On Dec. 26, 1941, then-President Franklin Roosevelt signed a resolution to make Thanksgiving a federally recognized holiday. Ever since, Americans have made pilgrimages across the nation to gather with family and friends to celebrate history older than our nation and enjoy a buffet of foods.
A nation that spans from the Atlantic to the Pacific is bound to have regionally different food traditions. While foods like collard greens, macaroni and cheese, and yams are typically eaten on Thanksgiving across the nation, these are staple foods in the Southern diet. Even if most might not realize it, at the dinner table Southern Americans celebrate the collaborative harvest of Black, Indigenous and European food cultures.
Angela Jill Cooley, an associate professor of history at Minnesota State University and author of “To Live and Dine in Dixie,” said she believed food traditions in the South mixed along economic lines sometime after World War II.
“A lot of foods that people think of as Southern specialties were foods that poor people would have eaten,” Cooley said. “Once their families became more affluent, maybe middle class, it enabled foodways to cross class boundaries.”
Chuck Clark, a senior instructor of history at The University of Alabama, also said that Southern foods crossed racial and economic boundaries in the 20th century but hypothesized that it happened earlier, in the late 1910s to early 1920s.

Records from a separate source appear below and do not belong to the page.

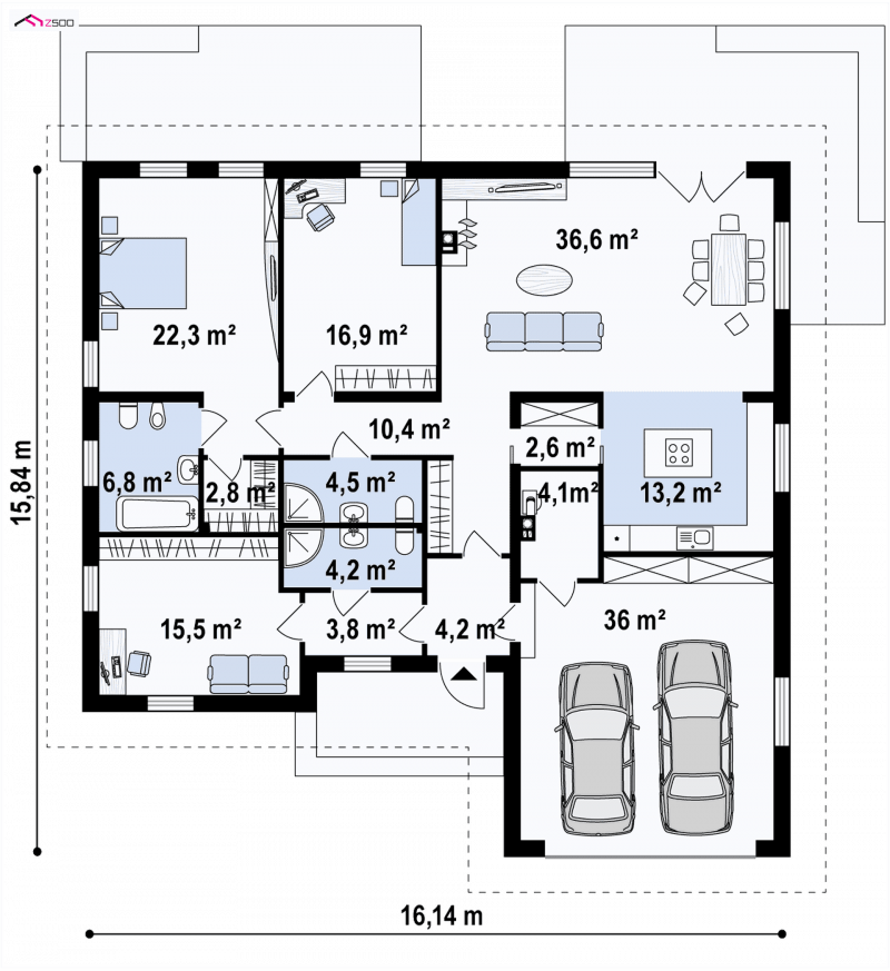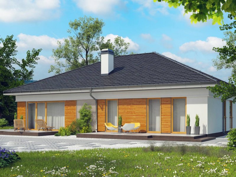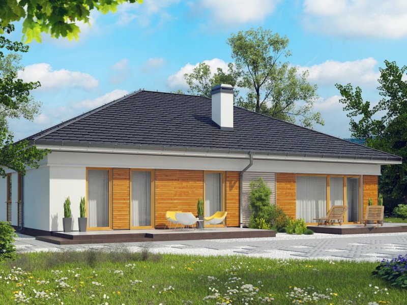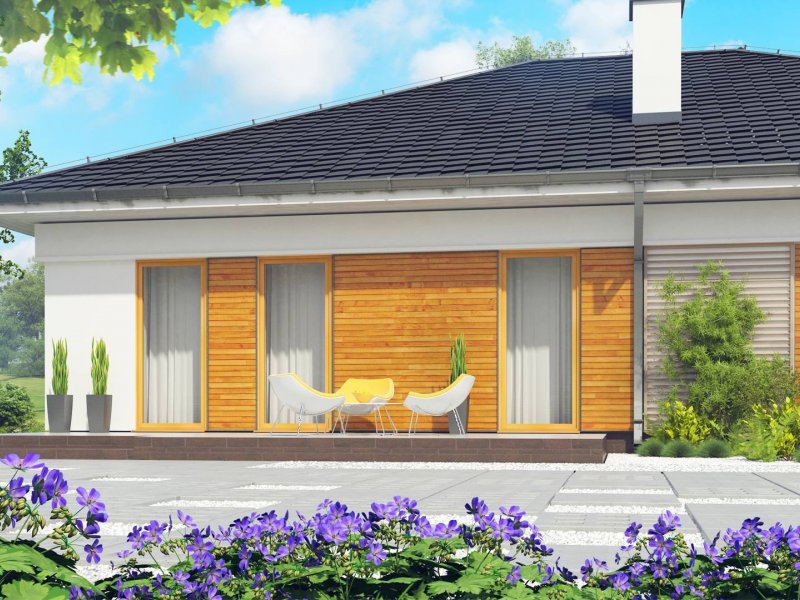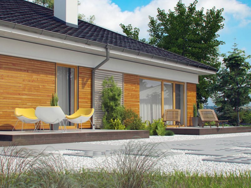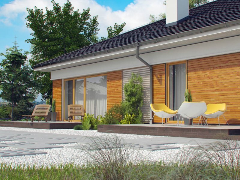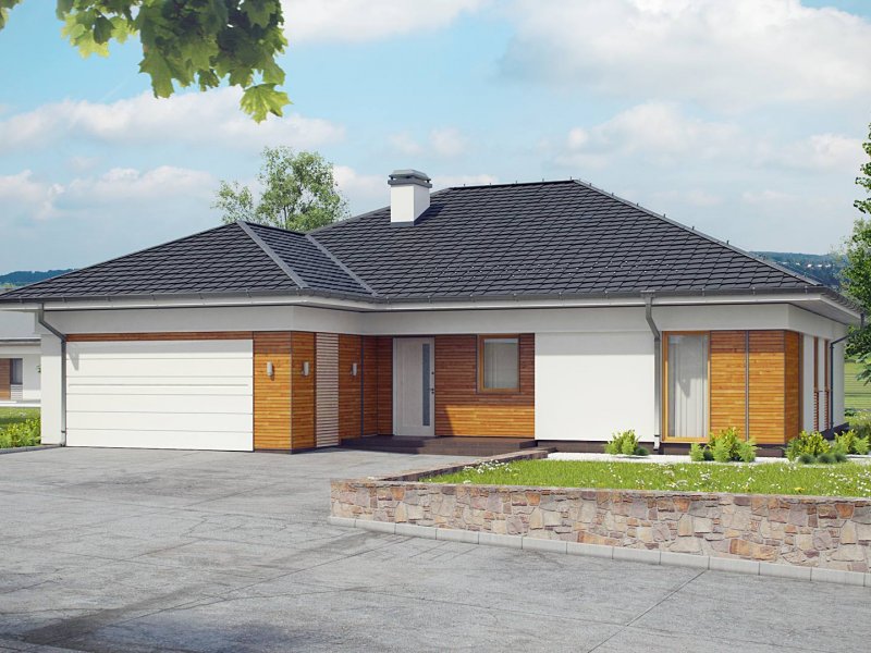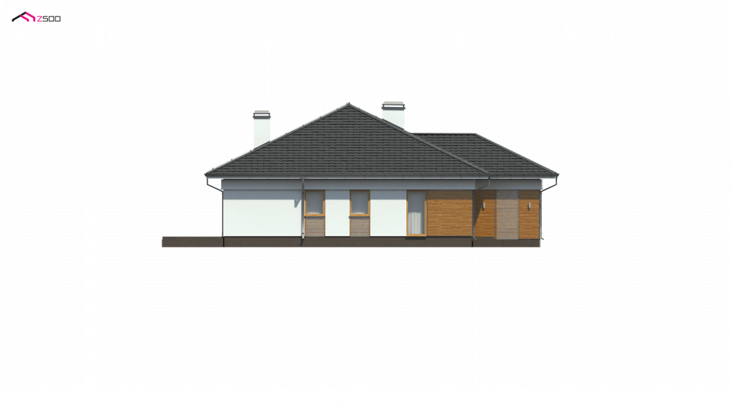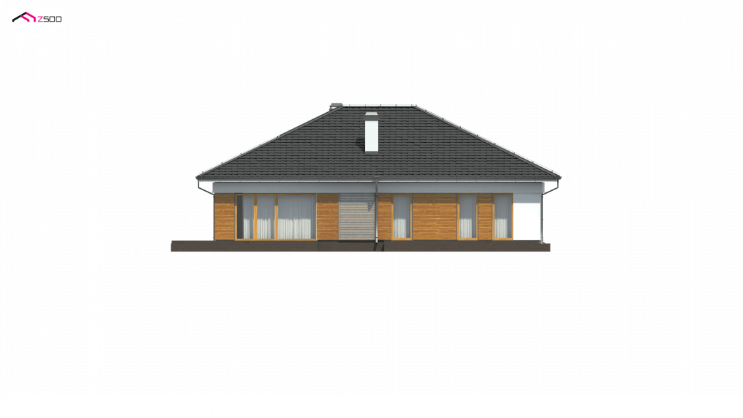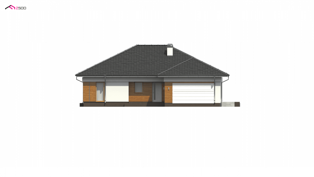 Z303 to dom współczesny, parterowy z możliwością zaaranżowania piętra. Elewacje utrzymane są w jasnej kolorystyce z drewnianymi elementami wykończenia, co nadaje mu niepowtarzalnego wyglądu. Główną zaletą domu jest duży garaż dwustanowiskowy z bezpośrednim przejściem do domu.
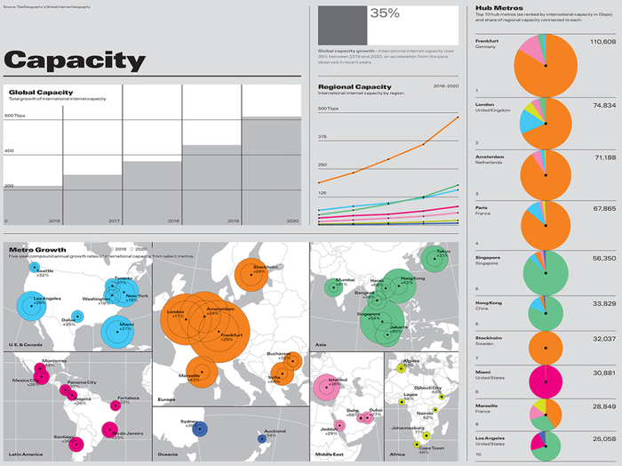 “一张图”指的是TeleGeography 的“2021全球互联网地图”,这几乎是世界上唯一能展现出全球网络如何连接的可视化地图,一直以来也是专业领域人士评估重大海外部署决策时的情报来源!
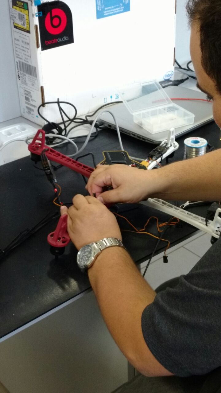 Os alunos Diego Tadeu Santos, Daniel da Veiga e Giovani Bruno Sengbush, do Curso Superior em Sistemas para Internet do Instituto Federal Farroupilha - Campus SantoÂngelo, estão desenvolvendoum drone, veículo aéreo não tripulado e controlado remotamente, coordenado pelo professor Me. Fábio Weber Albiero. O projeto de Pesquisa intitulado: Projeto e Desenvolvimento de Sistemas Interativos através do Uso da Plataforma Arduino, tem como objetivo permitir que os alunos ponham em prática os conhecimentos teóricos adquiridos em sala de aula, como: algoritmos e programação, circuitos digitais, noções de eletrônica e robótica. Pretende-se utilizar este drone para atividades de geoprocessamento, tais como: medição de terras, processamento de imagens capturadas via equipamento, entre outras.

One example Cooley gave were black-eyed peas, which are thought of today as soul food but were once used as fodder for farm animals. Cooley said traditional foodways originating from Black Americans crossed racial boundaries into white homes very early in American history.
“Black women and men have really been the basis of agricultural and cooking traditions in the South since the period of slavery and through Jim Crow, and so a lot of the foods made in white-owned kitchens were meals prepared by African Americans,” Cooley said.
The introduction to new foods across racial lines functioned as a two-way street. Black Americans influenced the tastes of white Americans, and they often brought home popular European dishes that they had cooked for white families.
“Macaroni and cheese uses Italian pasta put together with a French cheese sauce brought to the United States in the early 19th century,” Clark said. He also said that Thomas Jefferson, who owned slaves, was one of many who popularized macaroni and cheese, making it a staple dish in the American South.
Cooley said that baking recipes for pies and cakes were inspired by European food traditions as well. Cooking techniques used for barbecues were either developed or used by Black Americans.
Many of the foods eaten in Southern homes bring together ingredients indigenous to North America like corn, sweet potatoes and collard greens; cooking techniques from Africans and Europeans; and even spices from Asia Minor, such as paprika, cinnamon and nutmeg.
Together, these foods and cooking traditions collectively help to define the American South beyond geography.
“Thanksgiving foods help to reinforce our sense of identity. It isn’t just having enough to eat, but getting to choose what to eat. As families became wealthier, they craved the foods they grew up with,” Clark said. “That’s when we see the birth of a regionalized, homogenous Southern identity.”